# How do I extract even elements of an Array?

``````var arr = [4, 5, 7, 8, 14, 45, 76];

function even(a) {
var ar = [];

for (var i = 0; i < a.length; i++) {
ar.push(a[2 * i + 1]);
}

return ar;
}

``````

http://jsbin.com/unocar/2/edit

I have tried this code in order to output even (index) elements of an array. It works, but it also outputs some empty elements. How do I fix this code to output only existing elements? Either use modulus:

``````for (var i = 0; i < a.length; i++) {
if(i % 2 === 0) { // index is even
ar.push(a[i]);
}
}
``````

or skip every second element by incrementing `i` accordingly:

``````for(var i = 0; i < a.length; i += 2) {  // take every second element
ar.push(a[i]);
}
``````

Notice: Your code actually takes the elements with odd indexes from the array. If this is what you want you have to use `i % 2 === 1` or start the loop with `var i = 1` respectively. For IE9+ use `Array.filter`

``````var arr = [4,5,7,8,14,45,76];
var filtered = arr.filter(function(element, index, array) {
return (index % 2 === 0);
});
``````

With a fallback for older IEs, all the other browsers are OK without this fallback

``````if (!Array.prototype.filter)
{
Array.prototype.filter = function(fun /*, thisp */)
{
"use strict";

if (this === void 0 || this === null)
throw new TypeError();

var t = Object(this);
var len = t.length >>> 0;
if (typeof fun !== "function")
throw new TypeError();

var res = [];
var thisp = arguments;
for (var i = 0; i < len; i++)
{
if (i in t)
{
var val = t[i]; // in case fun mutates this
if (fun.call(thisp, val, i, t))
res.push(val);
}
}

return res;
};
}
`````` This will work on 2018 :)

take the odd indexes and apply to filter

``````var arr = [4, 5, 7, 8, 14, 45, 76,5];
let filtered=arr.filter((a,i)=>i%2===1);
console.log(filtered);`````` why don't you try with the % operator. It gives you the remaining of a division.

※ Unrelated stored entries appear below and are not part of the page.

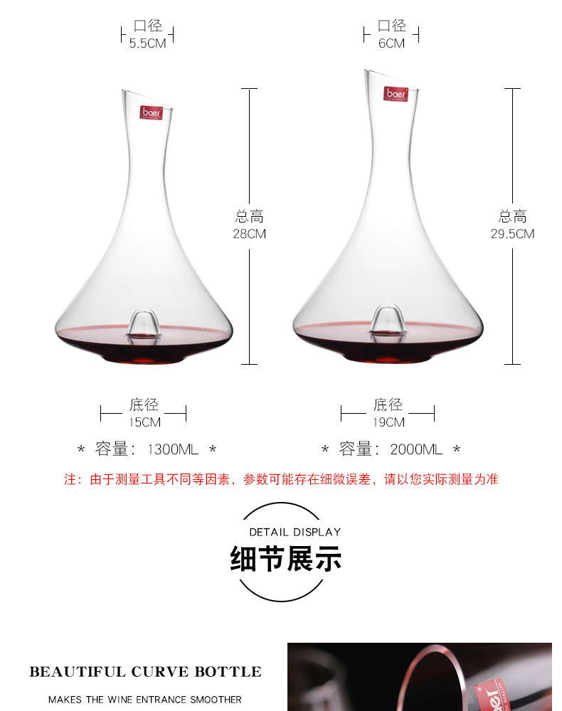 | Specification size | Small size decanter 1300ml,Large decanter 2000ml |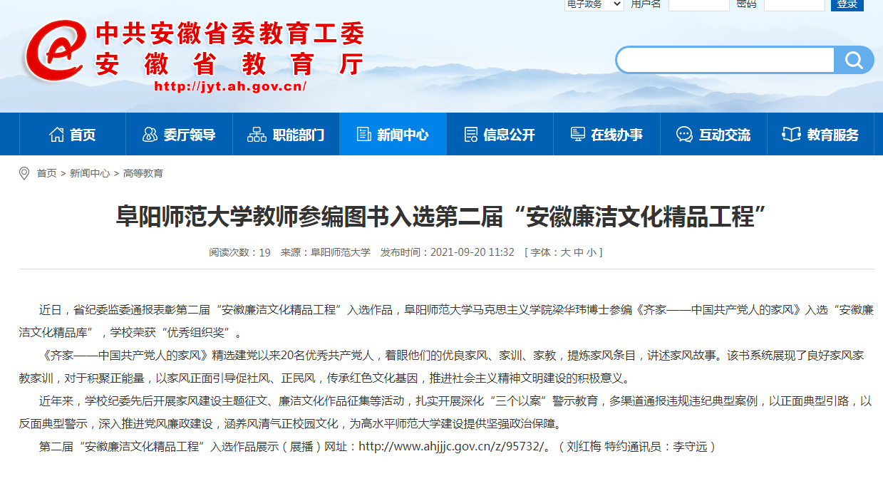 安徽省教育网报道:阜阳师范大学教师参编图书入选第二届“安徽廉洁文化精品工程”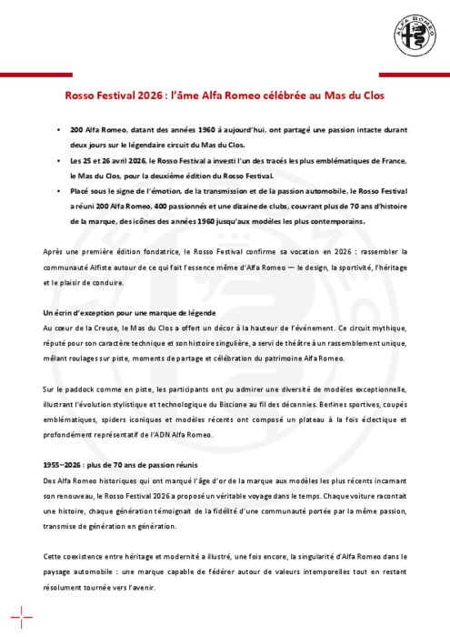 Constructeurs 27 avril 2026 - 10:11 Après une première édition fondatrice, le Rosso Festival confirme sa vocation en 2026 : rassembler la communauté Alfiste autour de ce qui fait l’essence même d’Alfa Romeo — le design, la sportivité, l’héritage et le plaisir de conduire. PDF (292 Ko) Télécharger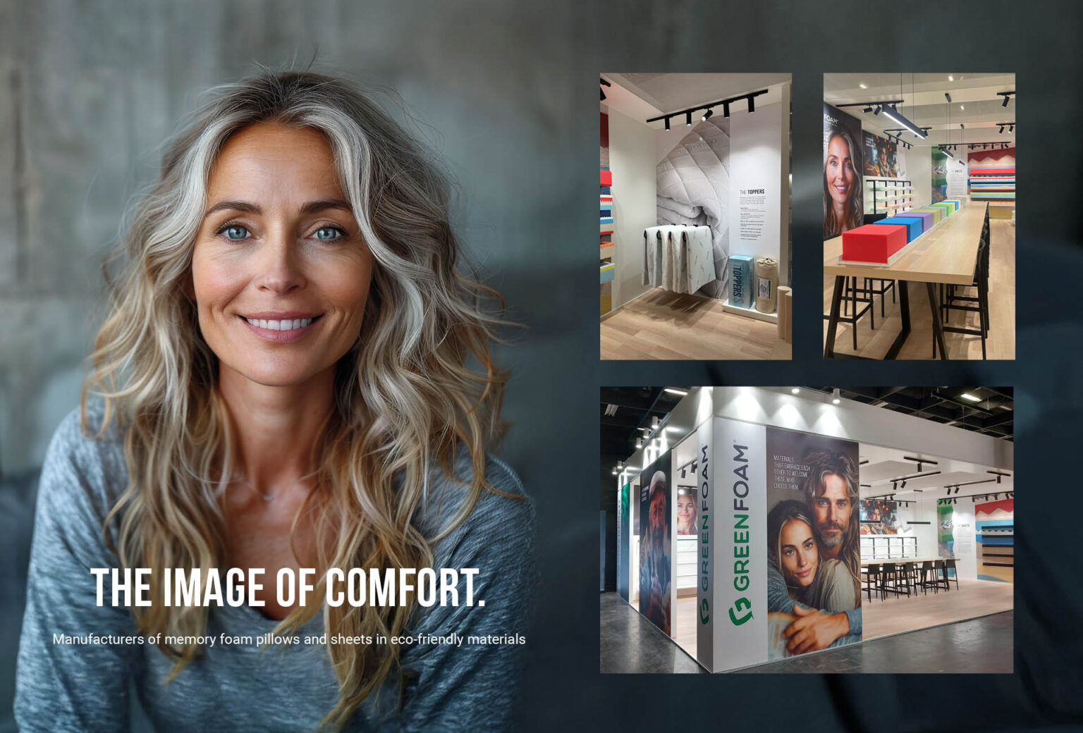 The Image of confort è l’ultimo concept sviluppato nel 2025. Tale leitmotiv viene espanso in tutta le comunicazione quali: stand, catalogo, gadget, news, social. Nell’immagine lo stand della fiera INTERZUM di Colonia 2025.

replace the loop block with

``````if ((i % 2) === 0) {
ar.push(a[i])
}
`````` You need to test the elements for evenness like this:

``````var arr = [4,5,7,8,14,45,76];

function even(a){
var ar = [];

for (var i=0; i<a.length;i++){
if (a[i] % 2 === 0)
{
ar.push(a[i]);
}

}

return ar;
}

``````

%2 is the modulo operator, it returns the remainder of integer division. ``````var arr = [4,5,7,8,14,45,76];

function even(a)
{
var ar = [];

for (x in a)
{

if((a[x]%2)==0)
ar.push(a[x]);

}
return ar;
}

`````` I just wanted to explain why your result is not what you expected since everyone else shows excellent solutions. You are iterating over an array size N so your resulting array will attempt to push elements in an array that will result in size N. Since only N/2 will be found in the original array your resulting array will fill the rest with blanks to fill in the rest of N. So if you checked to see if a[2*i] exists OR checked to see if a[i] % 2 == 0 before inserting, your resulting array will contain only the even indexed values Even if this question is quite old, I would like to add a one-liner filter:
Odd numbers: `arr.filter((e,i)=>i%2)`
Even numbers: `arr.filter((e,i)=>i%2-1)`
A more 'legal' way for even numbers: `arr.filter((e,i)=>!(i%2))`

There's no need to check with `i%2===1` like sumit said; as `mod 2` already returns a 0 or a 1 as numbers, they can be interpreted as boolean values in js.